Ostensibly, this looks like a perfect scenario. Businesses, PE Firms, LPs and society at large benefit from this more conscious and responsible flow of money. However, this scenario can only be truly achieved if this social conscience is an inherent, inextricable part of a PE firm’s culture, rather than reflexive attempt to respond to an emerging zeitgeist. To fully realise the potential of impact investing, PE firms must shift not only where they deploy their money but also become more sophisticated in how they build an investment thesis that deeply connects to the psychology of all company constituents and the public. No small feat.
What leadership skills and culture change are needed?
If PE Firms are to see the double benefit of impact funds, leadership needs to be beyond reproach, and they must dually promote a drive for value and values. The DNA and mindset of PE cultures and their leaders must evolve in order to rise to the challenge of a rapidly changing landscape.
This mindset and cultural shift, like any other, is a leadership challenge. Our model of Inclusive Leadership highlights the keys to making the real difference.

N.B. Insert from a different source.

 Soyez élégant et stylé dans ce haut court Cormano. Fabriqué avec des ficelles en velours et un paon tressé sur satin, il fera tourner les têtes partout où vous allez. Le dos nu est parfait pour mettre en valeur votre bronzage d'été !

We have found that Inclusive Leaders focus on:
1. Curiosity – creating the conditions for learning, creative thinking, and openness to new ideas;
2. Courage – embracing the uncomfortable, taking risks, and empowering others; all crucial for leaders who will have to work to evolve a system that has historically produced great results in its previous mode of operating; and
3. Connection – deeply understanding self and others and building bridges for meaningful engagement; a nonnegotiable for investors to understand how to build a value-generating investment thesis that ignites public belief rather than ire
Our data shows that PE leaders score low on the 3Cs of the Inclusive Leadership model with a notable dip in Connection. This is not surprising given the rigid metrics that determine success or failure within the PE sector. Internal rate of return, and multiple of money will always have a high place on the agenda. However, in this brave new world of impact investment and heightened public scrutiny, leadership strategy and talent management approaches need to evolve to drive all the relevant success behaviours in its leaders.

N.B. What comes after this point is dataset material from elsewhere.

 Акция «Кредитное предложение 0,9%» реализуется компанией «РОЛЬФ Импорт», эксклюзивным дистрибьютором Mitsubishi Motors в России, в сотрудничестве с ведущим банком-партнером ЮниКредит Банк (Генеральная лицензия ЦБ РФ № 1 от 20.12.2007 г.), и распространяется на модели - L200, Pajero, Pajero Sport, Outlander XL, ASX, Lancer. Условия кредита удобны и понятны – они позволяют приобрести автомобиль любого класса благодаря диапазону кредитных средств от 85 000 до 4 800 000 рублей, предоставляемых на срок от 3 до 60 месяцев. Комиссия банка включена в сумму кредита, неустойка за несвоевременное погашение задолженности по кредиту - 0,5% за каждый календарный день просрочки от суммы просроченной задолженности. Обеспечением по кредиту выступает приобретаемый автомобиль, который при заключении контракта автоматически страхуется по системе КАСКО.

PE has the opportunity to rewrite its own history. Once seen as a value destroyer, stripping companies of assets for profit, the stage is now set for it to balance driving value and driving values. PE leadership needs to deeply embed the values they seek to espouse and create a leadership culture that is open to ideas and investment not solely from a financial returns perspective.
Doing good and doing well are not mutually exclusive.